Hasta que la fuente se ha agotado, y ese ir y venir de fragmentos de
cotidianidad se ha vuelto invasión. Se han desolado las ganas, se han
marchitado las fuerzas. Y yo he escrito cosas que encuentro brillantes en mi
pequeña libreta azul: desencanto es muerte. La muerte es el desencanto. No hay
mejor representación ni metáfora que la que sale de mi mente y sus
cavilaciones.
He ganado un
libro de Bohumil Hrabal esta mañana. Anoche hablamos de un tal Samir que en
realidad no se llama Samir, descubrimos que nosotras éramos las otras, las no
importantes, y nos reímos. Fue una risa falsa y triste, pero una risa de
alivio, de resignación, de ahora somos un
poco más libres. Hablamos de nuestras fantasías, del sexo, de lo perverso,
de ser niñas y ser vírgenes cuando el dolor harto conocido se presenta siempre
como la primera vez. Renuncié a aquel loco de Samir, lo decidí. En realidad el
ensueño simplemente acabó por desvanecerse; al contárselo a ella el desencanto
se hizo real, y no pude detener la muerte de aquella parte de mi vida, y casi
de mi cuerpo. Ahora me supongo de luto, de celebración. Debes encontrar a alguien a quien le importe, a quien le importes.

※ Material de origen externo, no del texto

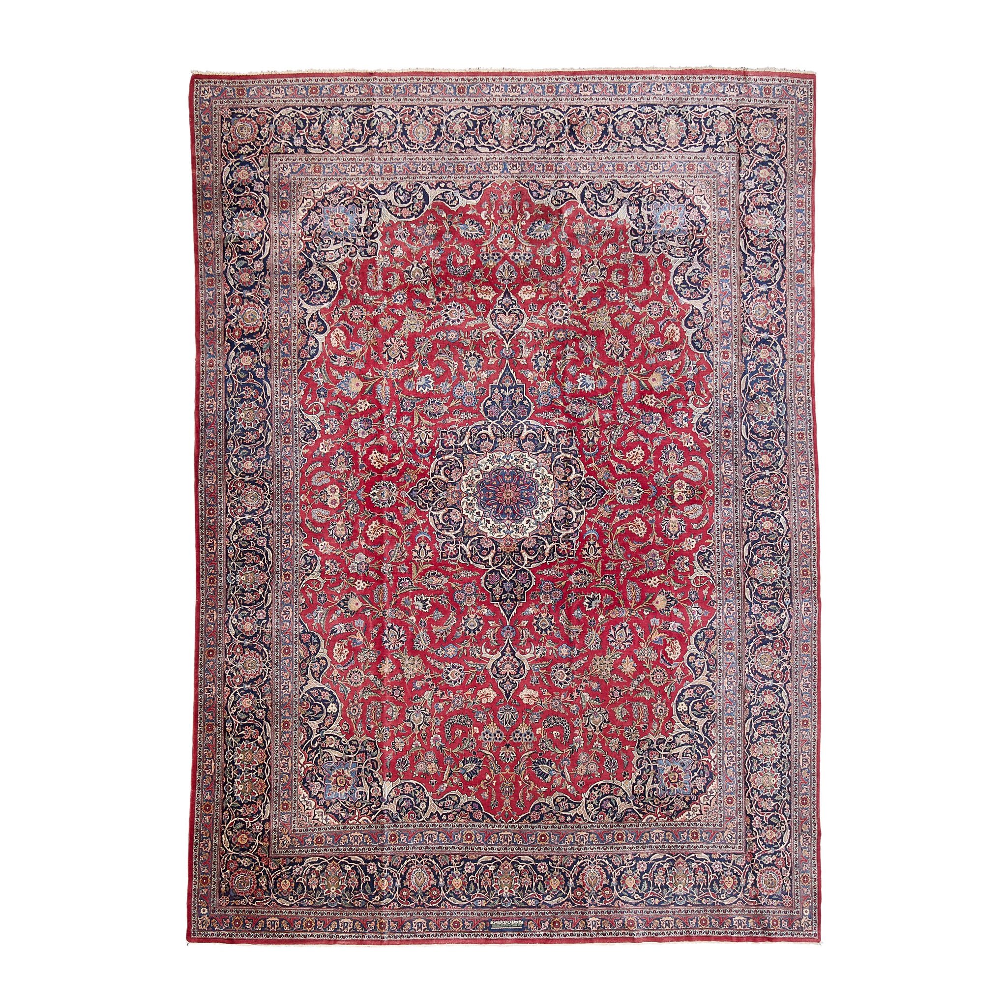 the crimson red field with indigo and ivory medallion, similar spandrels, within indigo border, inscription for ‘Hassan Farshchi & Sons’ to one end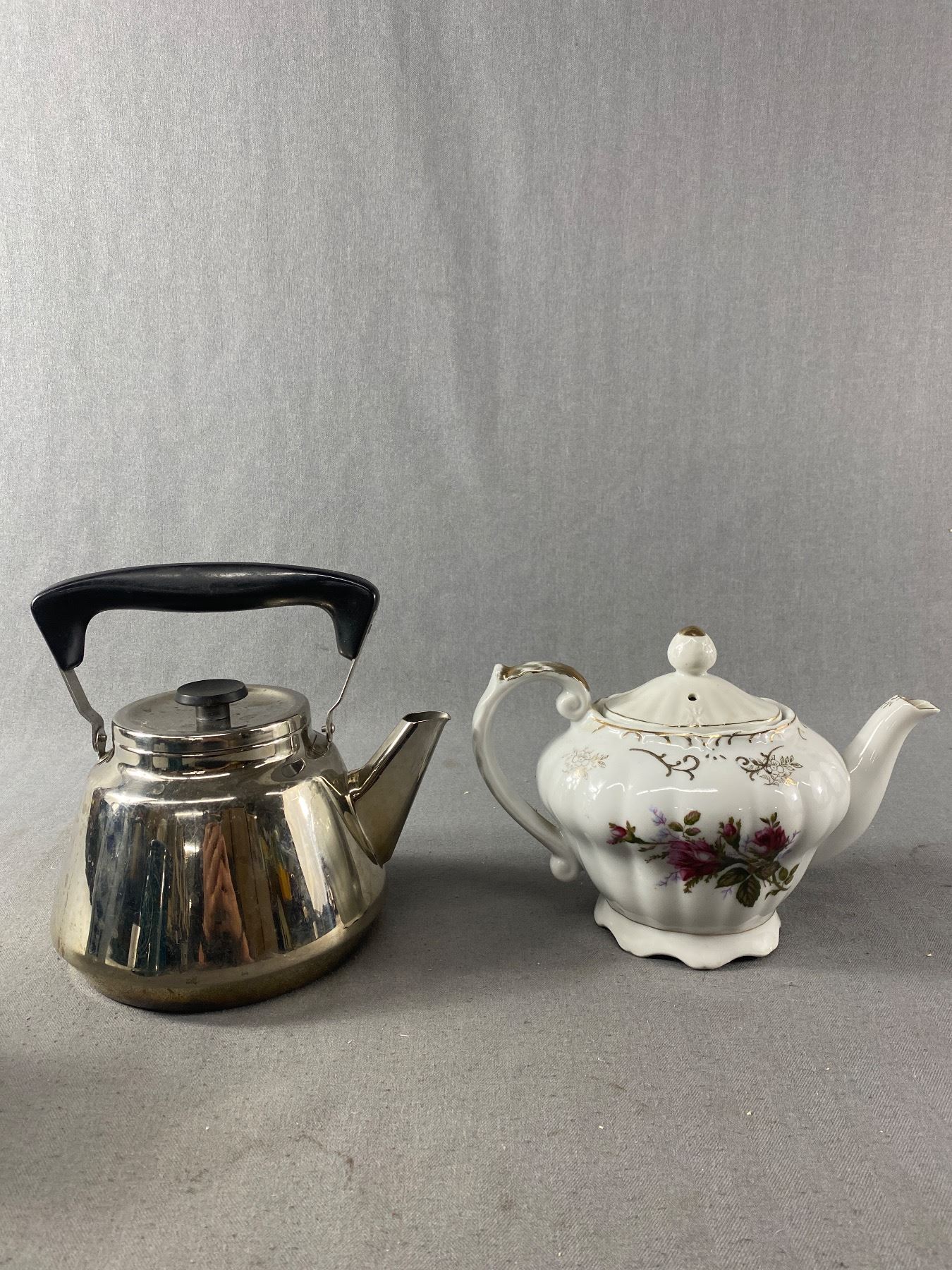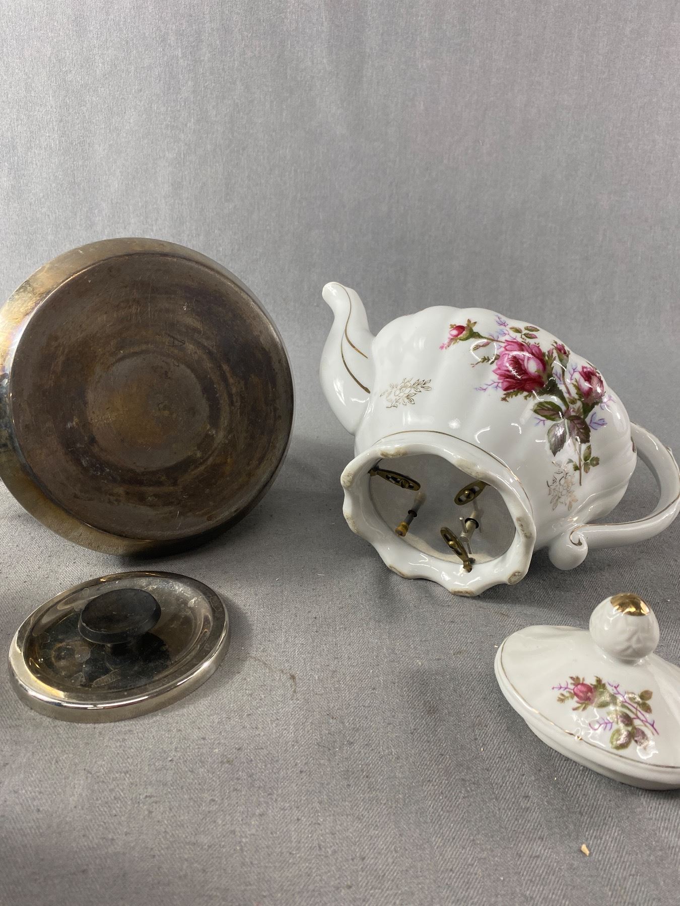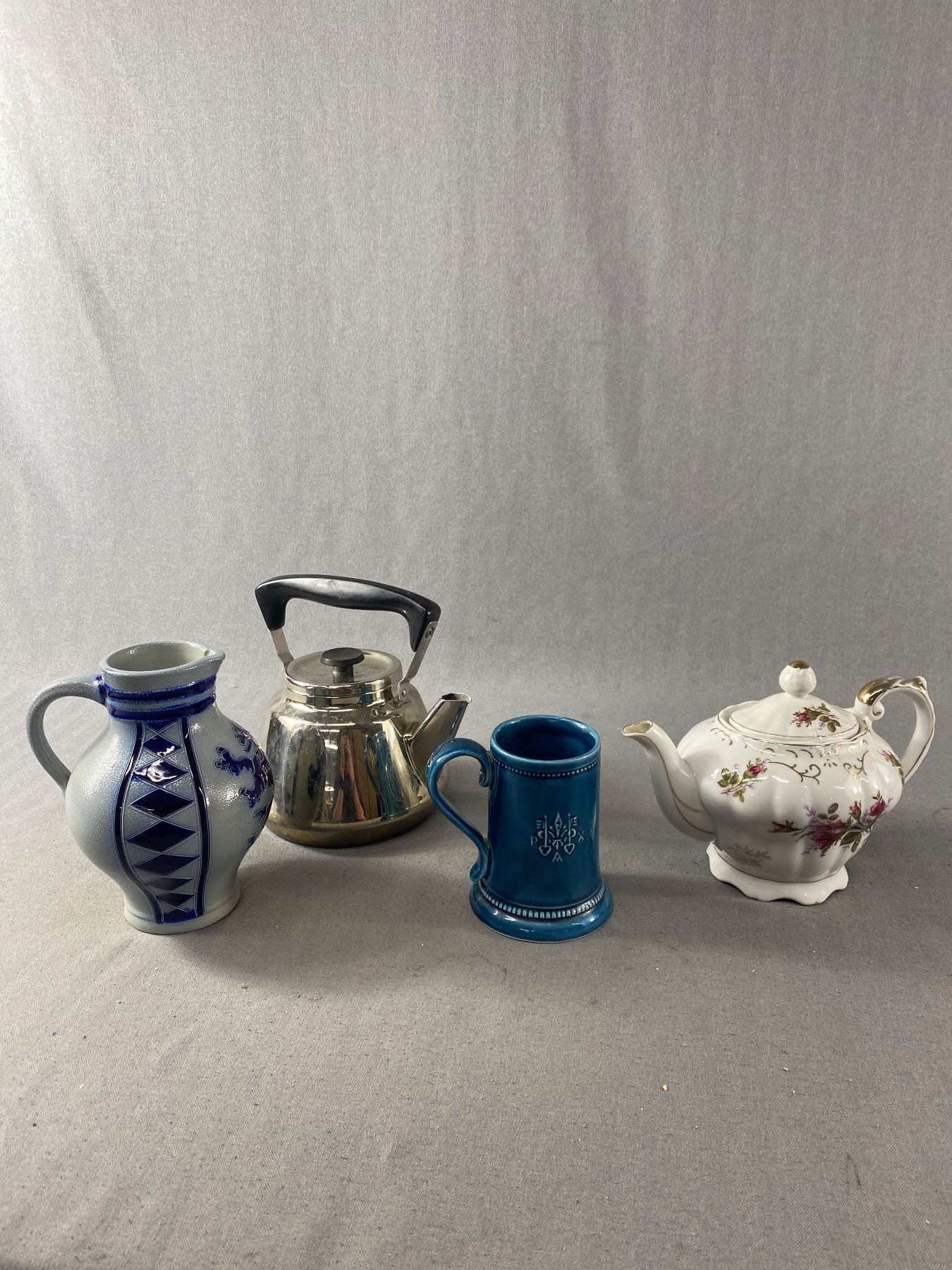 Musical Life Size Tea Pot, Marked 7.5" Pitcher, Prinknash Mug & Metal Tea Pot

Aún me quedo consternada y pensativa ante ese consejo: pero qué. No. Debería
escucharle. Sí. Tiene razón. Debería encontrar a alguien a quien le importe
después del daño. Debo esperar. Debo estar atenta. Debo salir y encontrar algo
que no estoy buscando para dejar de buscarme a mí misma. Me siento triste y sin
fuerzas.
Ha pasado toda
una vida desde comienzos de Octubre. He vivido encantos y desencantos. Me he
dejado el aliento y el corazón en las manos de otras personas y en el fondo de otros
pozos. No me arrepiento de desgarrarme de esta manera. He encontrado otra
palabra favorita: germen. He descubierto otro libro favorito: El amante. Otra
película maravillosa: El amante (1992). Un nuevo poeta: Hölderlin. Una nueva
expresión en alemán: knuddeln mich. Una nueva canción favorita: Hope you die
(Molly Nilsson). Ahora nos decimos: rusita tú, rusita yo. Porque somos un poco
pálidas, un poco bellas, un poco locas y un poco frías. Le echaré de menos
porque a veces me hacía sentir bien. Adiós, Samir, adiós. Y vuelvo a ser mía, y de ella, y de
nosotros. Ellos me han perdonado, ahora me toca a mí perdonarme y perdonar al mundo, aunque el mundo para mí
siempre esté absuelto. Ya son las 14:04, el tazón de colacao sigue sobre la
mesa, ya vacío. La mesa sigue temblando. Las tareas siguen esperándome. Yo sigo
escribiendo. Vosotros volveréis a escucharme... ¿verdad?